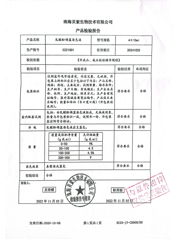貝索 乳酸酚棉藍(lán)染色液 4x10ml BA4124 C221001
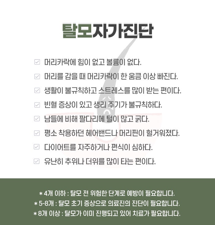 탈모는 조기 발견과 치료가 매우 큰 차이를 만들 수 있습니다. 머리카락은 단기간에 변화하지 않기 때문에, 오늘의 선택과 관리가 6개월 뒤, 1년 뒤의 내 모습에 직접적인 영향을 줍니다. 약물 치료든, 시술이든, 혹은 생활습관의 변화든 중요한 것은 ‘지금’ 시작하는 것입니다. 그 작은 결심이 자신감의 회복, 삶의 질 개선, 그리고 내면의 건강한 자아 회복으로 이어질 수 있습니다. 감사합니다.
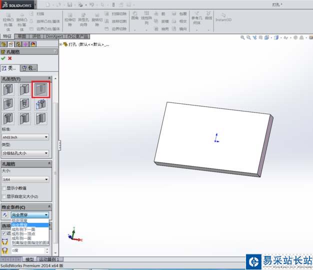 2、異型孔向導:鼠標單擊異型孔向導,界面會自動跳出孔規格選擇欄,根據自己需要選擇孔的類型;如沉頭孔、錐形螺紋孔等。此處選擇孔。
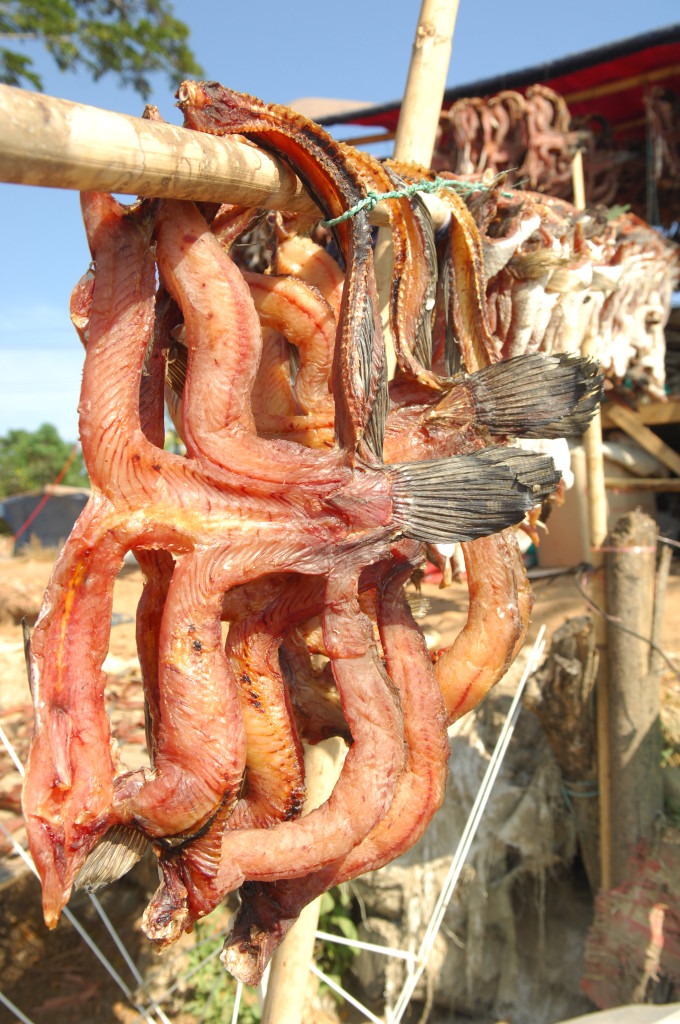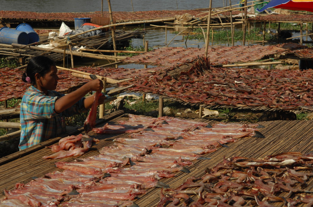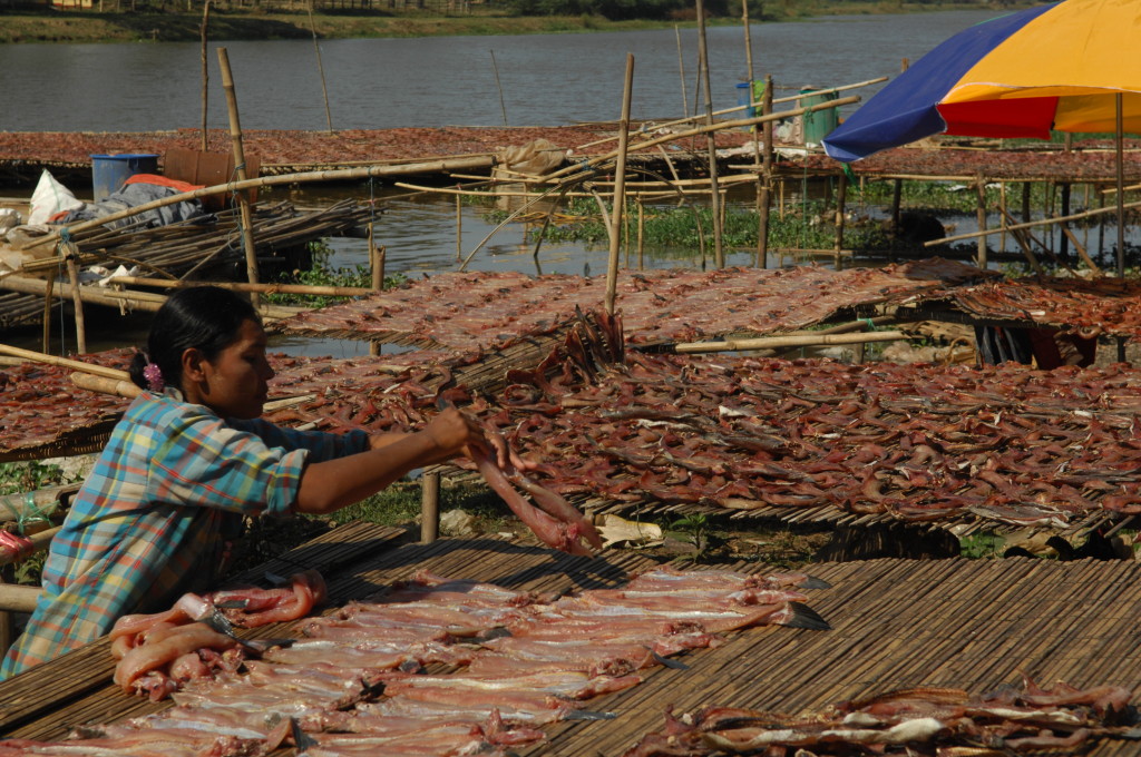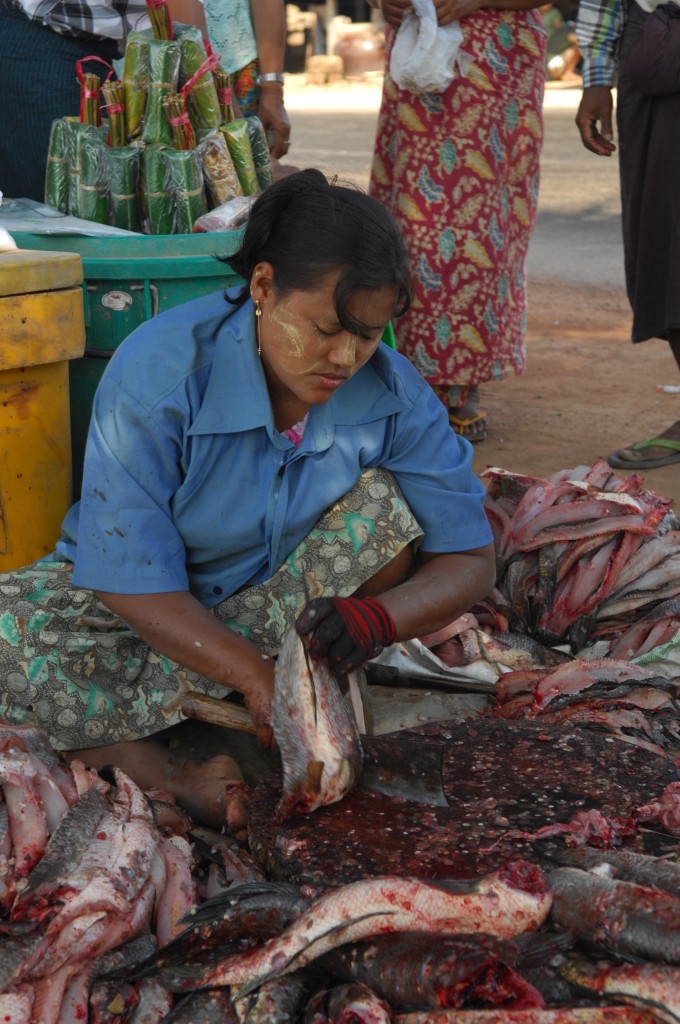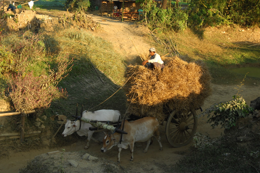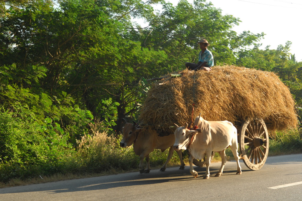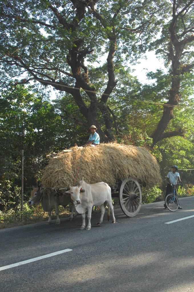 Vorbei an den Trockenfischproduzenten lassen wir Bago links liegen und nehmen die alte Straße in Richtung Mandalay. Ganz so weit müssen wir heute nicht, am Abend wollen wir Taungoo erreichen. Die Landstraße wird von Alleen zum Teil alter Bäume gesäumt. Reisfelder soweit das Auge reicht. Meist werden diese wie zu früheren Zeiten von Ochsen gepflügt. Im Süden war uns auf der ganzen Fahrt nur ein Gespann auf der Straße begegnet. Hier gehören sie noch zum Alltag.
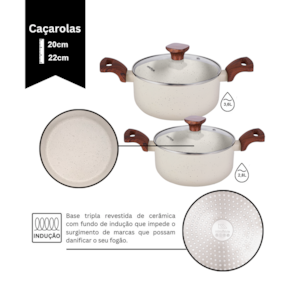 - PRÁTICO: As panelas do conjunto funcionam em fogões a gás (em fogo baixo), elétrico, vitrocerâmico e de indução. Seu material permite a condução rápida e eficiente do calor, sendo a temperatura baixa ou média suficiente para cozinhar os alimentos, reduzindo o consumo de gás e energia.
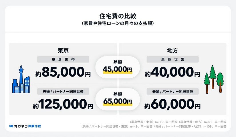 まず単身世帯は東京で約8万5000円、地方で約4万円で4万5000円の差がでました。そして、夫婦/パートナー同居世帯では、東京で約12万5000円、地方では約6万円となっており、ほぼ2倍の差という結果に。
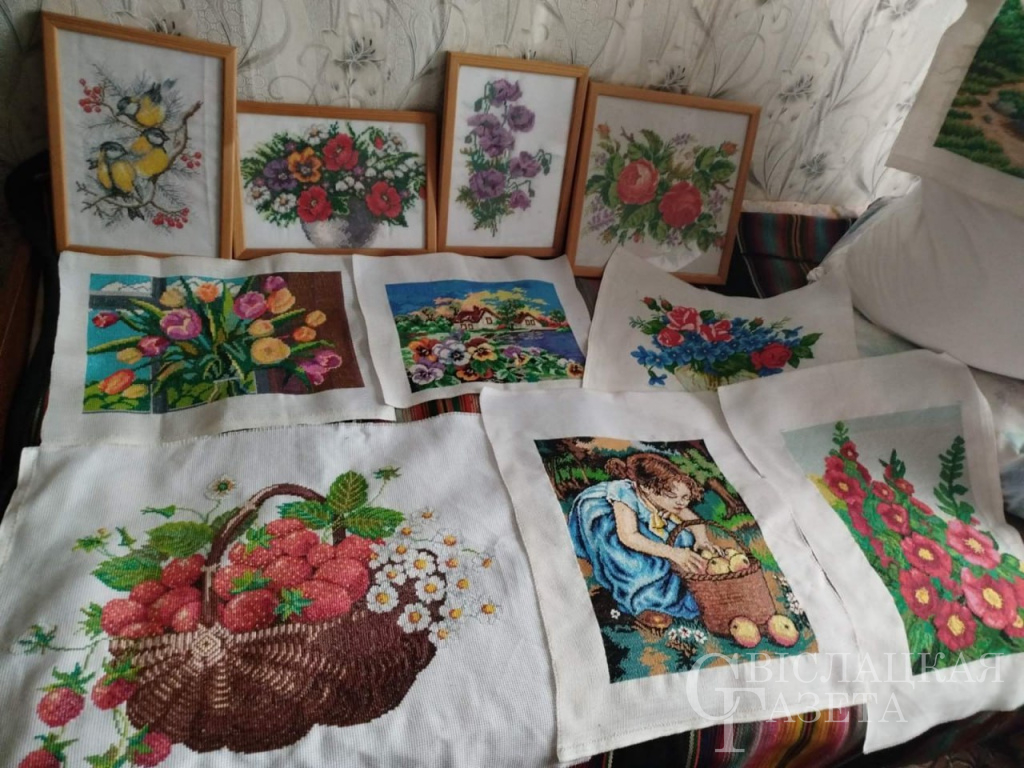 – У нас была вельмі добрая сям’я, Іван аказаўся клапатлівым і ўважлівым мужам, цудоўным бацькам. Мы з ім пражылі 37 гадоў у згодзе, узаемаразуменні. А ў 2015 годзе майго Івана не стала. Гэтая страта стала для мяне такім ударам, што я і па сённяшні дзень не магу дайсці да сябе. Як толькі маё сэрца тады вытрымала? – дзеліцца ўспамінамі Алена Васільеўна. – Свой боль я вышыўкай лячыла. Амаль не выпускала з рук іголку. І днём і ноччу вышывала, вышывала… Я не толькі па схемах вышываю, а і сама прыдумляю ўзоры, малюнкі. Поўнасцю аддалася гэтай справе. За тыдзень атрымліваецца карціна, а часам і хутчэй. Іх у мяне ўжо больш за пяцьдзясят. Найбольш люблю вышываць кветкі, прыроду, іконы.
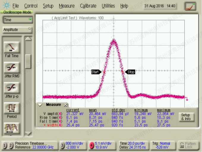 20GHz脈沖驅(qū)動,~5.2Vpp輸出 |

Task description: Print the part of the listing above that opens with the line containing "2、異型孔向導:鼠標單擊異型" and closes with the line containing "まず単身世帯は東京で約8万5". Copy it exactly, both ends included, and omit the pictures.

Task output:
 2、異型孔向導:鼠標單擊異型孔向導,界面會自動跳出孔規格選擇欄,根據自己需要選擇孔的類型;如沉頭孔、錐形螺紋孔等。此處選擇孔。
 Vorbei an den Trockenfischproduzenten lassen wir Bago links liegen und nehmen die alte Straße in Richtung Mandalay. Ganz so weit müssen wir heute nicht, am Abend wollen wir Taungoo erreichen. Die Landstraße wird von Alleen zum Teil alter Bäume gesäumt. Reisfelder soweit das Auge reicht. Meist werden diese wie zu früheren Zeiten von Ochsen gepflügt. Im Süden war uns auf der ganzen Fahrt nur ein Gespann auf der Straße begegnet. Hier gehören sie noch zum Alltag.
 - PRÁTICO: As panelas do conjunto funcionam em fogões a gás (em fogo baixo), elétrico, vitrocerâmico e de indução. Seu material permite a condução rápida e eficiente do calor, sendo a temperatura baixa ou média suficiente para cozinhar os alimentos, reduzindo o consumo de gás e energia.
 まず単身世帯は東京で約8万5000円、地方で約4万円で4万5000円の差がでました。そして、夫婦/パートナー同居世帯では、東京で約12万5000円、地方では約6万円となっており、ほぼ2倍の差という結果に。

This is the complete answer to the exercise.